[ABUSO DE PODER]

Múltiple delito

La Corte Suprema de Justicia de Argentina, por unanimidad, dispuso que el Estado –en el caso el gobierno de Cristina Kirchner–, no podrá seguir discriminando con la publicidad oficial a los medios que edita la Editorial Perfil de ese país. Ésta había reclamado judicialmente ante la persecución de que era objeto en ese sentido por parte del Gobierno, por mantener una línea periodística independiente.

El dictamen desenmascara inapelablemente a los gobiernos de Néstor y Cristina Kirchner, los que a través de los años abusando del poder del Estado, han violado flagrantemente la libertad de prensa, sancionando o castigando, por la vía de la publicidad oficial a los medios y periodistas, según sean sus conductas editoriales e informativas.

Es que no solo se trata de un ataque a la libertad de prensa, una forma indirecta de censura o muy directa para generar la autocensura de los hombres de prensa, no incruenta o que los lleve a la cárcel o al destierro, como otrora, pero sí en el corto y mediano plazo quizás más efectiva. Pero el mecanismo, además de atacar la libertad de expresión en todo lo amplio que ella abarca –no hay que olvidar que es la libertad custodio de las restantes–, corroe todas las columnas que sustentan el edificio de la democracia.
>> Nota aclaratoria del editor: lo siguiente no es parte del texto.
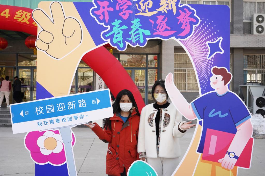 校园里各处打卡点都挤满了前来留念的同学和家长们,合影庆祝即将开启的校园新生活。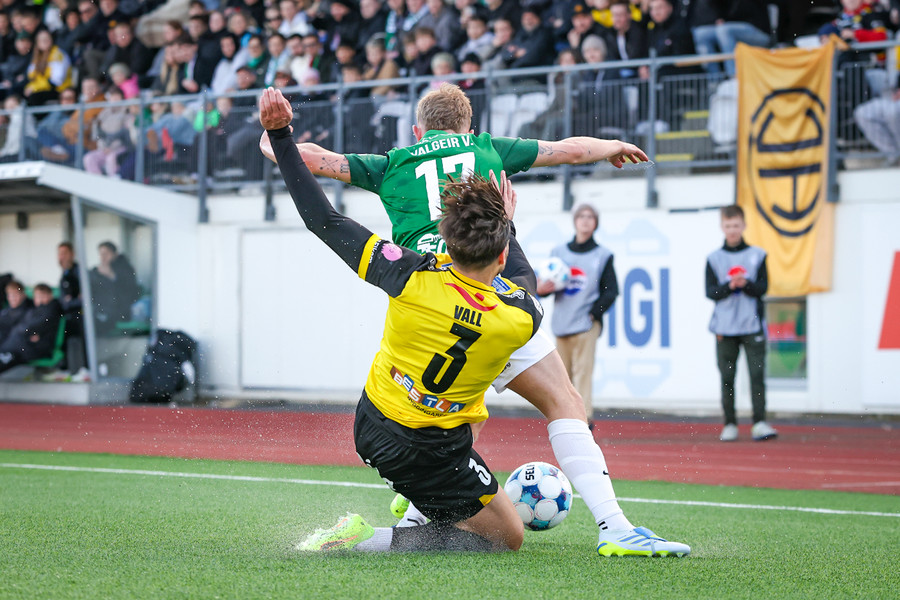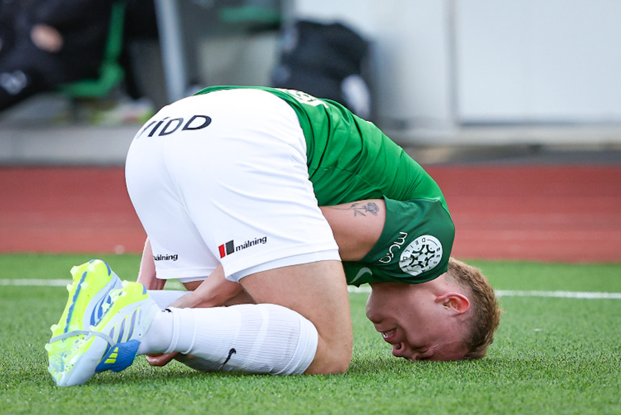 Rafael Máni fer í bókina eftir að hafa farið utan í Jónatan Guðna á sprettinum, Jónatan liggur eftir.

La publicidad oficial puede transformarse en una forma disimulada de compra de votos. Esto es, no cuando se la niega a medios periodísticos independientes, que se manejan con profesionalidad, o a medios opositores, sino cuando se la regala a “manos llenas” y se le paga a muy buen precio a medios que posan de independientes, pero que ocurre que su “compromiso social” coincide con el del Gobierno, y que se transforman en un “aviso” permanente y global del benefactor y, en factores claves en las campañas electorales, y para justificar la legitimidad democrática y los atropellos a las libertades de sus patrocinadores, que normalmente –oh paradoja– son defensores de los derechos humanos. Y ni que hablar de la publicidad oficial otorgada a los medios partidarios, a los cuales se pueden volcar recursos sin límites que pueden servir para financiar todos los actos y materiales de la campaña, incluso, para la compra directa de votos y hasta pagar publicidad en otros medios.

Y atención, la publicidad oficial se paga con recursos públicos, y quien utiliza los dineros de los contribuyentes en beneficio propio o de sus socios, amigos, familiares o correligionarios, comete un delito que se llama corrupción. En conclusión, quien discrimina y otorga arbitrariamente publicidad oficial, viola la libertad de expresión, ataca los elementos básicos de la democracia y es corrupto.